Every line of the data below is to be duplicated exactly, pictures excepted.

Stored items
--*--
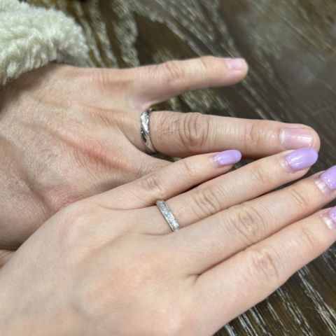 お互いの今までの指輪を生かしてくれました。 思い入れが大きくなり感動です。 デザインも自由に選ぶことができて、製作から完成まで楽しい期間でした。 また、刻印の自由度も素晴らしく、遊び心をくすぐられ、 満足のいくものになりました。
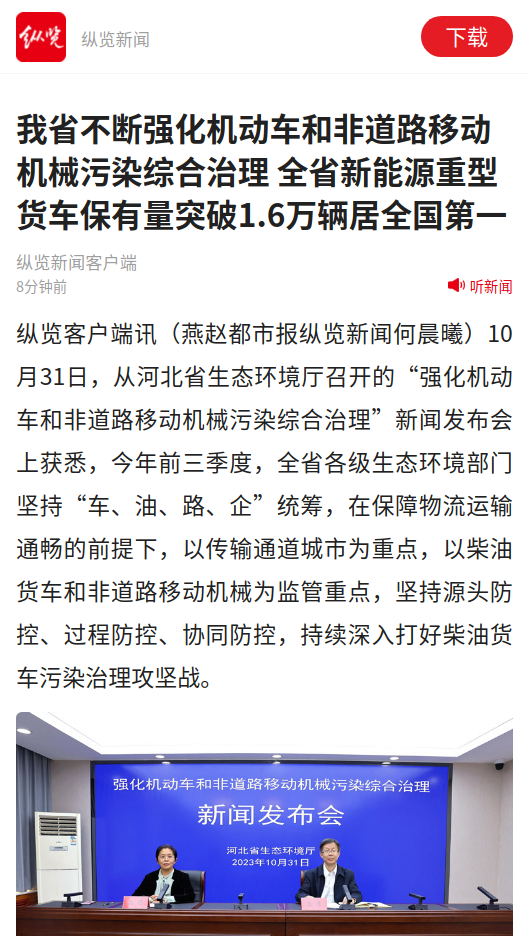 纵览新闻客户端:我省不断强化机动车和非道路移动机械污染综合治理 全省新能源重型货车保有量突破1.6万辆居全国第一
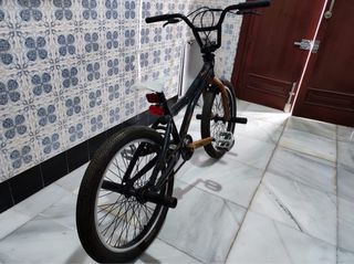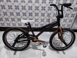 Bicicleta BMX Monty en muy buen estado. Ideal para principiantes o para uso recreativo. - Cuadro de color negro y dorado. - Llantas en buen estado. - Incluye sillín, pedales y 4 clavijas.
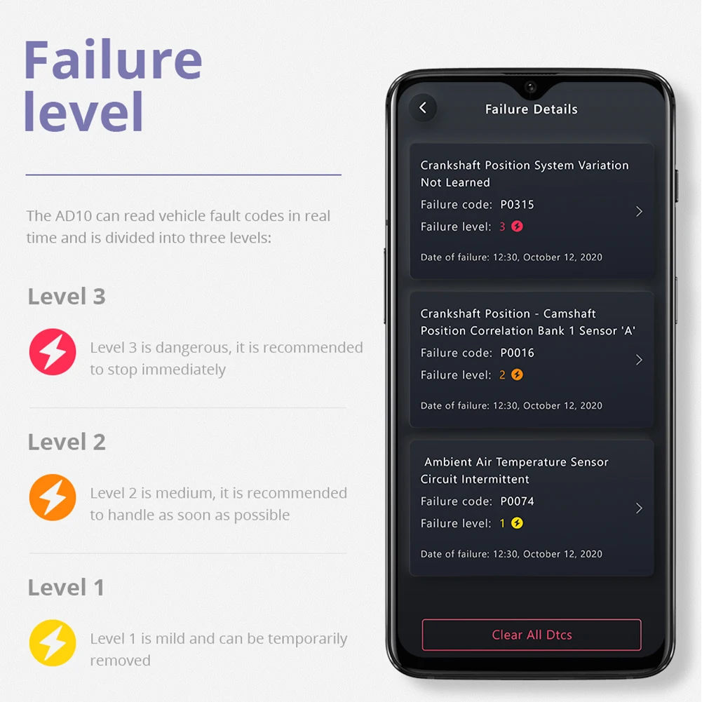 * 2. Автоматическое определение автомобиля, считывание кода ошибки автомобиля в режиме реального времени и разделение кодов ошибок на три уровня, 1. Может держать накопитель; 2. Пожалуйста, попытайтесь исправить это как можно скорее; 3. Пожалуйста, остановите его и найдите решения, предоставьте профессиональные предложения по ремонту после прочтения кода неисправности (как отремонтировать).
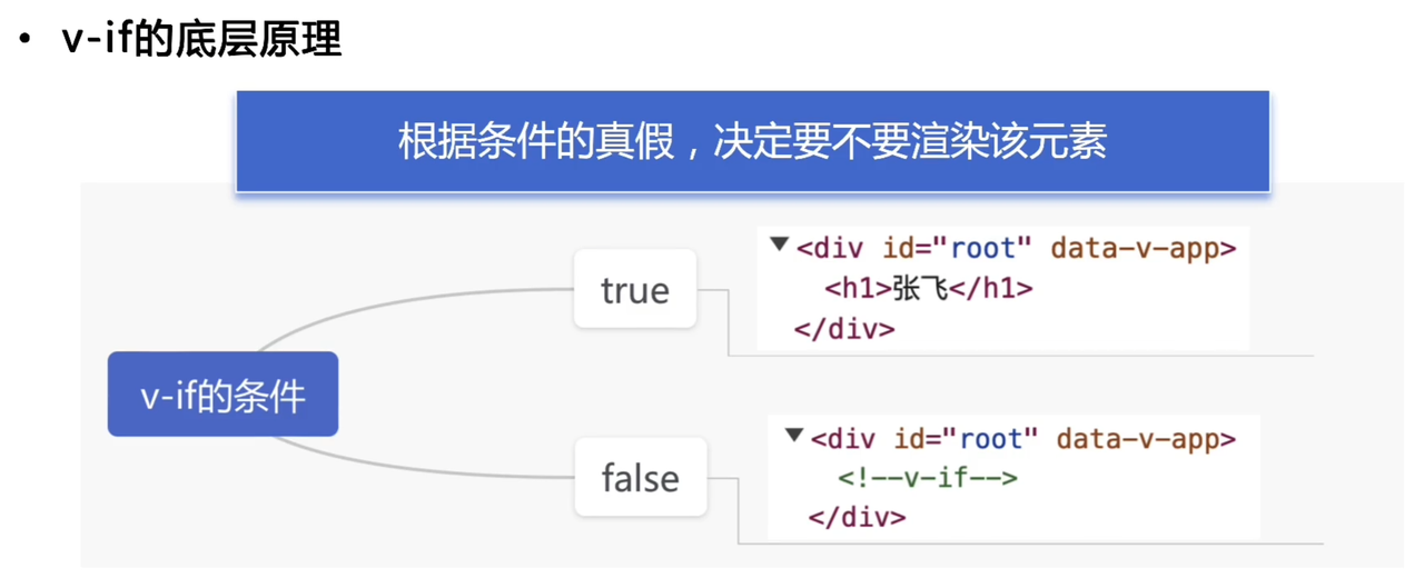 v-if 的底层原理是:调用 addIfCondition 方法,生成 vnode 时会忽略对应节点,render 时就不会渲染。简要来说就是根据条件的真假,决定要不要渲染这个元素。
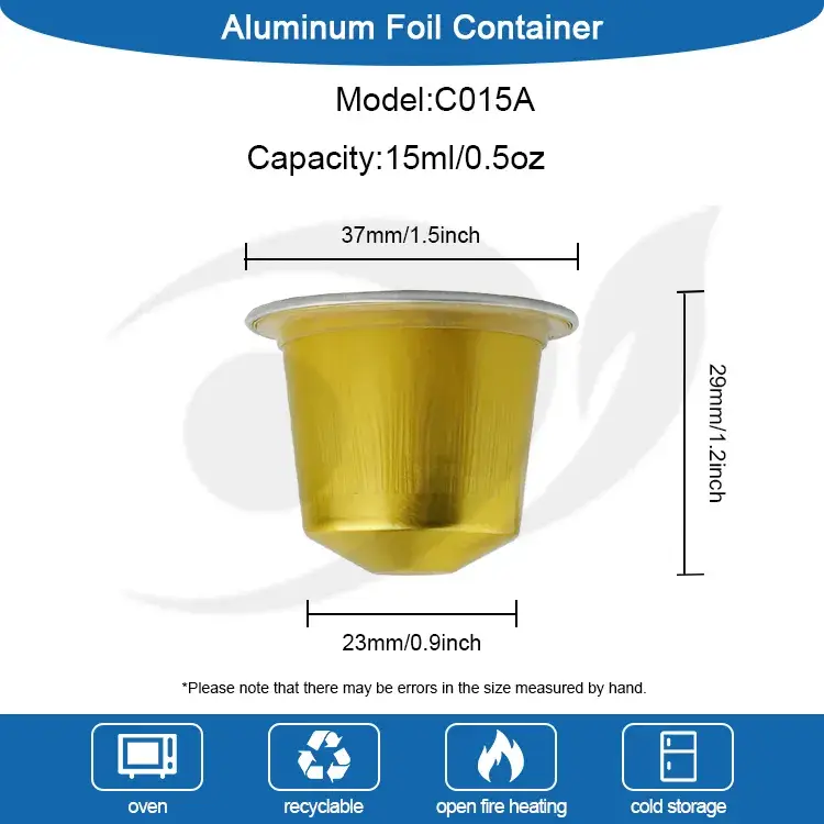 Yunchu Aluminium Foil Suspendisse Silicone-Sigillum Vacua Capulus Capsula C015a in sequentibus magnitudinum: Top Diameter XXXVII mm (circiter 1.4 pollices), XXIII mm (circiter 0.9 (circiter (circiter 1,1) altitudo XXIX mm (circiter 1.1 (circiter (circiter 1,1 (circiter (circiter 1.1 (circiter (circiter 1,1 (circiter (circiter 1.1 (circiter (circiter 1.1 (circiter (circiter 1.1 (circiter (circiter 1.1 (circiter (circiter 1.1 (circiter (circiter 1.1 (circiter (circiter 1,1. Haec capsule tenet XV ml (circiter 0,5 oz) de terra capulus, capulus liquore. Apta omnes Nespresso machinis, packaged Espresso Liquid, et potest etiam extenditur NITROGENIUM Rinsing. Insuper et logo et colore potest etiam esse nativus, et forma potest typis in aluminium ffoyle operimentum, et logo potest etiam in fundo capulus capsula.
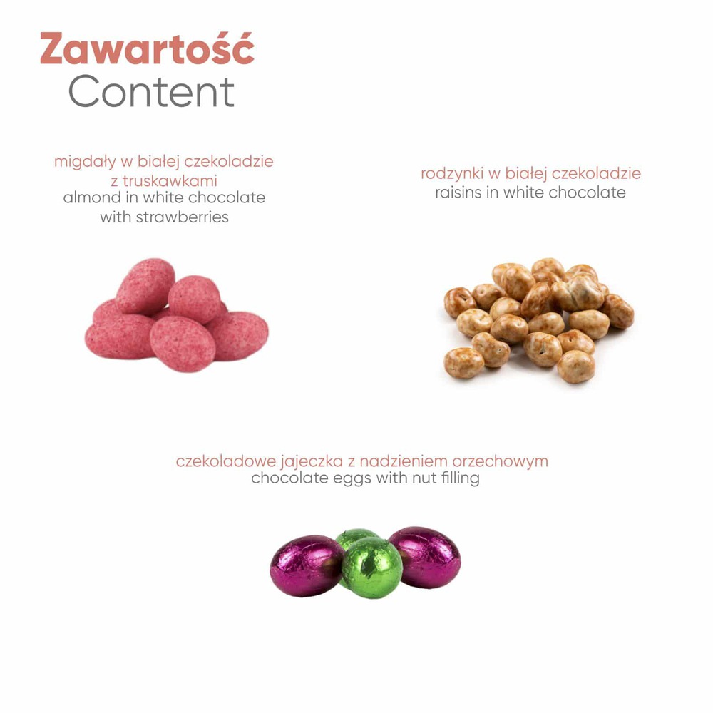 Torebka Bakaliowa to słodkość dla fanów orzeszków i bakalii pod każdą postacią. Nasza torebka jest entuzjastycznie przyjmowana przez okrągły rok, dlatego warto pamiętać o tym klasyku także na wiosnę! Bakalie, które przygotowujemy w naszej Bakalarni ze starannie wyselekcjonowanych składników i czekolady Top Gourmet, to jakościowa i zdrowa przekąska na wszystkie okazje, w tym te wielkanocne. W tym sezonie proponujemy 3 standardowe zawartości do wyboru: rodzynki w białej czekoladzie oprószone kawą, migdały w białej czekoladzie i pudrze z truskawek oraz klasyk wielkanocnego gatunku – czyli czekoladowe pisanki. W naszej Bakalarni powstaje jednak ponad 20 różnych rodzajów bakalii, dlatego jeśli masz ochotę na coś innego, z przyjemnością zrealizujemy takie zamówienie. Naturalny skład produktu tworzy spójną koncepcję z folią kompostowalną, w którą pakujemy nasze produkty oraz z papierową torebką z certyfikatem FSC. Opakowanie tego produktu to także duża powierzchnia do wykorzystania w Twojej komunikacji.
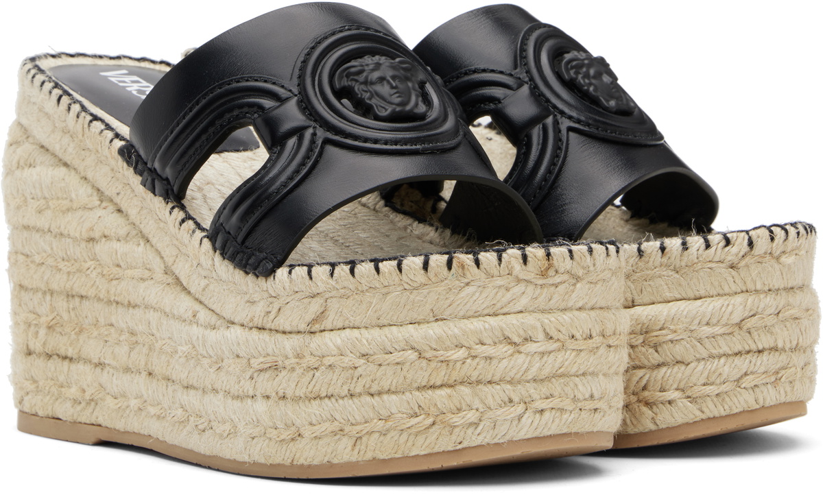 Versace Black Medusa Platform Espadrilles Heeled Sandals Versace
--*--
**Answer box**
 お互いの今までの指輪を生かしてくれました。 思い入れが大きくなり感動です。 デザインも自由に選ぶことができて、製作から完成まで楽しい期間でした。 また、刻印の自由度も素晴らしく、遊び心をくすぐられ、 満足のいくものになりました。
 纵览新闻客户端:我省不断强化机动车和非道路移动机械污染综合治理 全省新能源重型货车保有量突破1.6万辆居全国第一
 Bicicleta BMX Monty en muy buen estado. Ideal para principiantes o para uso recreativo. - Cuadro de color negro y dorado. - Llantas en buen estado. - Incluye sillín, pedales y 4 clavijas.
 * 2. Автоматическое определение автомобиля, считывание кода ошибки автомобиля в режиме реального времени и разделение кодов ошибок на три уровня, 1. Может держать накопитель; 2. Пожалуйста, попытайтесь исправить это как можно скорее; 3. Пожалуйста, остановите его и найдите решения, предоставьте профессиональные предложения по ремонту после прочтения кода неисправности (как отремонтировать).
 v-if 的底层原理是:调用 addIfCondition 方法,生成 vnode 时会忽略对应节点,render 时就不会渲染。简要来说就是根据条件的真假,决定要不要渲染这个元素。
 Yunchu Aluminium Foil Suspendisse Silicone-Sigillum Vacua Capulus Capsula C015a in sequentibus magnitudinum: Top Diameter XXXVII mm (circiter 1.4 pollices), XXIII mm (circiter 0.9 (circiter (circiter 1,1) altitudo XXIX mm (circiter 1.1 (circiter (circiter 1,1 (circiter (circiter 1.1 (circiter (circiter 1,1 (circiter (circiter 1.1 (circiter (circiter 1.1 (circiter (circiter 1.1 (circiter (circiter 1.1 (circiter (circiter 1.1 (circiter (circiter 1.1 (circiter (circiter 1,1. Haec capsule tenet XV ml (circiter 0,5 oz) de terra capulus, capulus liquore. Apta omnes Nespresso machinis, packaged Espresso Liquid, et potest etiam extenditur NITROGENIUM Rinsing. Insuper et logo et colore potest etiam esse nativus, et forma potest typis in aluminium ffoyle operimentum, et logo potest etiam in fundo capulus capsula.
 Torebka Bakaliowa to słodkość dla fanów orzeszków i bakalii pod każdą postacią. Nasza torebka jest entuzjastycznie przyjmowana przez okrągły rok, dlatego warto pamiętać o tym klasyku także na wiosnę! Bakalie, które przygotowujemy w naszej Bakalarni ze starannie wyselekcjonowanych składników i czekolady Top Gourmet, to jakościowa i zdrowa przekąska na wszystkie okazje, w tym te wielkanocne. W tym sezonie proponujemy 3 standardowe zawartości do wyboru: rodzynki w białej czekoladzie oprószone kawą, migdały w białej czekoladzie i pudrze z truskawek oraz klasyk wielkanocnego gatunku – czyli czekoladowe pisanki. W naszej Bakalarni powstaje jednak ponad 20 różnych rodzajów bakalii, dlatego jeśli masz ochotę na coś innego, z przyjemnością zrealizujemy takie zamówienie. Naturalny skład produktu tworzy spójną koncepcję z folią kompostowalną, w którą pakujemy nasze produkty oraz z papierową torebką z certyfikatem FSC. Opakowanie tego produktu to także duża powierzchnia do wykorzystania w Twojej komunikacji.
 Versace Black Medusa Platform Espadrilles Heeled Sandals Versace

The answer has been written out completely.